The appellants’ brief of argument raised only one issue for determination as follows- “Whether the learned trial judge was wrong in ordering a relisting of the suit which was struck out for want of jurisdiction by a Court of co-ordinate jurisdiction.”

The Respondents’ brief of argument also raised one issue for determination as follows- “Having regard to the sole ground of appeal, the respondents submit that the proper issue arising from the ground is whether having in mind that the order striking out the suit was based on decision of court now held to have been given per incuriam, the Learned trial judge was right in relisting the case so struck out.”

I will determine this appeal on the basis of the issue for determination in the appellants’ brief of argument. The Learned Senior Advocate for the appellants argued

  1. that the decision of the trial court relisting the said suits will mean that all determinations of court while the decision in OYEDIRAN v. EGBETOLA (supra) prevailed, even if final judgments had been written, will be ignored or set aside by the very courts that rendered such judgments, and not on appeal to the appellate court. This is not a matter that should be domesticated or rationalized.

Nor is it a matter in which a short cut will be employed under the cloak of doing justice. Indeed in this case in which the Respondents allowed a period of over 6 (six) years to elapse since the decision in ADISA (supra), it is a matter which must be given serious consideration for clearly the parties had altered their position.

This is the very essence of the doctrine of implied necessity which is founded in the maxim Necessitias facit licitum quod alias non est licitum-meaning –

Necessity makes that lawful which otherwise is not lawful. Thus the decision of Okoli J. (as he then was) could not have been a void act, since there was a decision of the Supreme Court on which it was firmly based. It may well be a wrong decision with the subsequent alteration of the dispensation at the time when his decision was given, but the competent authority to declare it so is the matter now before the court. There is a world of difference between a void judgment and one which is wrong in law.

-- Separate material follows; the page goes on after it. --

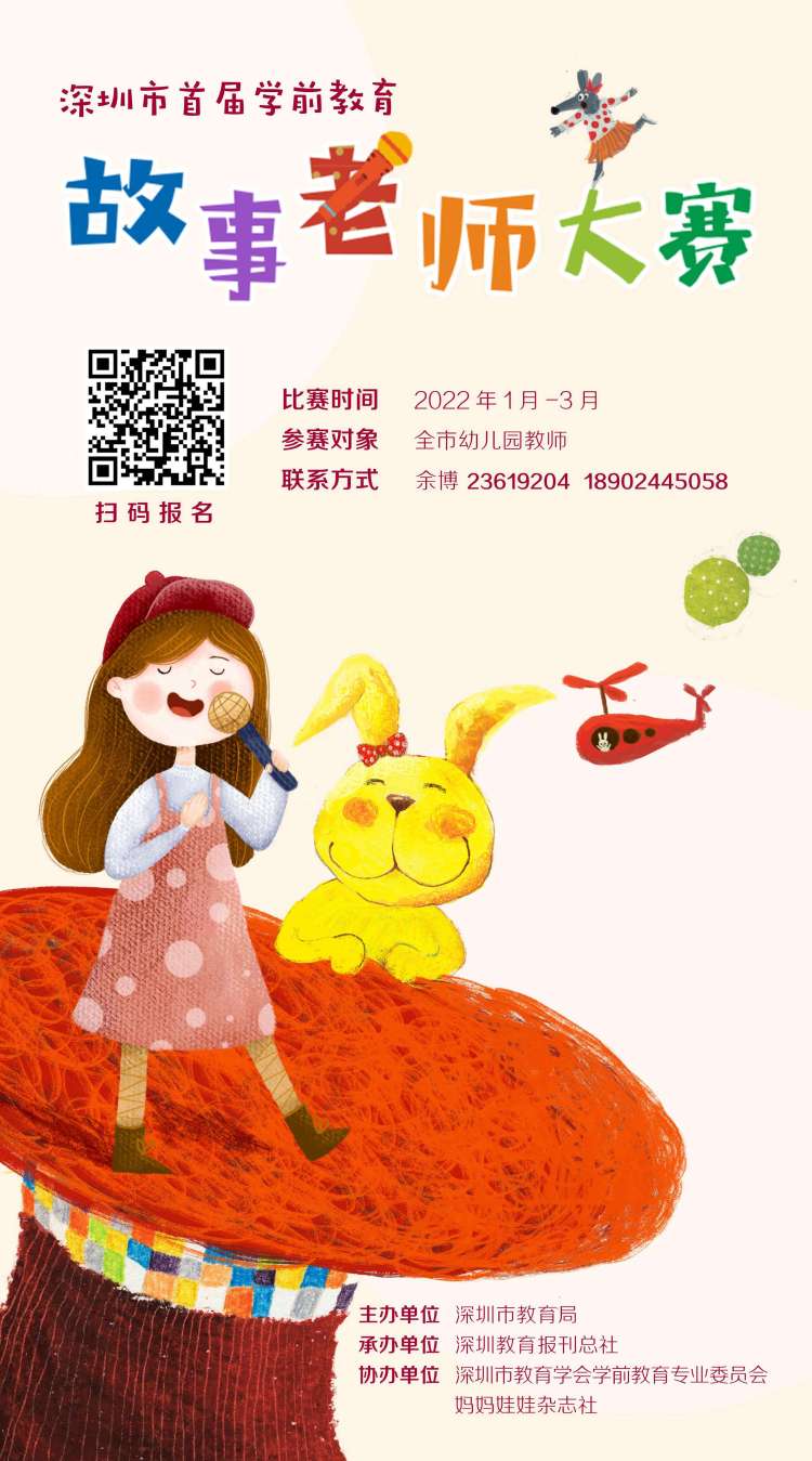 讀特客戶端·深圳新聞網(wǎng)2022年1月12日訊 (記者 陳彬 通訊員 程玉珂)由深圳市教育局主辦,深圳教育報刊總社承辦,深圳市教育學會學前教育專業(yè)委員會、媽媽娃娃雜志社協(xié)辦的深圳市首屆學前教育“故事老師”大賽暨原創(chuàng)繪本大賽將于2022年1-3月舉辦。

  1. The trial Court on 20-3-2000 did not just strike out the matter. It made specific findings before the ultimate order striking out the matter. It determined that Igboukwu where the suit land is situate is not an urban area of the State, that it had no jurisdiction on matters relating to lands in the non urban area of the state and that therefore it had no jurisdiction to adjudicate in the suit.
  2. That the decision by the High Court that it lacks jurisdiction to entertain a case cannot be overruled by the same High court and that it is only the Court of Appeal upon an appeal, that can correct the error in such decision.

According to the Learned SAN it is not a matter of doing justice or whether or not the court of Appeal will arrive at the decision that the High court was wrong in declining jurisdiction.

  1. That the circumstances in which a High Court can set aside its own decision include when the judgment is obtained by fraud, when it is a nullity or when it is obvious that the court was misled into giving a consent judgment under a mistaken belief that the parties consented thereto and where the judgment was given without jurisdiction; and that non of these circumstances apply to the decision of 20-3-2000.
  2. That the trial court decision was based on the law as it was prevailing at the time and that since the law that applies to a given transaction is the one then prevailing it will be wrong to regard that decision a nullify because the law has now changed. According to him. The relevant fact is not whether the decision of C. J. Okoli J., (as he then was) was right or wrong at the time the application to relist was made, but whether at the time of rendition of the decision, it was validly made having regard to the State of the law. If this is accepted, as indeed it should be, then the subsequent decision of the Supreme Court which altered the existing order will not have the effect of nullifying the decision validly made. It will have the effect of rendering the decision wrong in law, capable of being corrected on appeal, but not voided.

To maintain that the decision which was made on an issue of law was void, meant that no decision was at all rendered by C. J. Okoli J., (as he then was).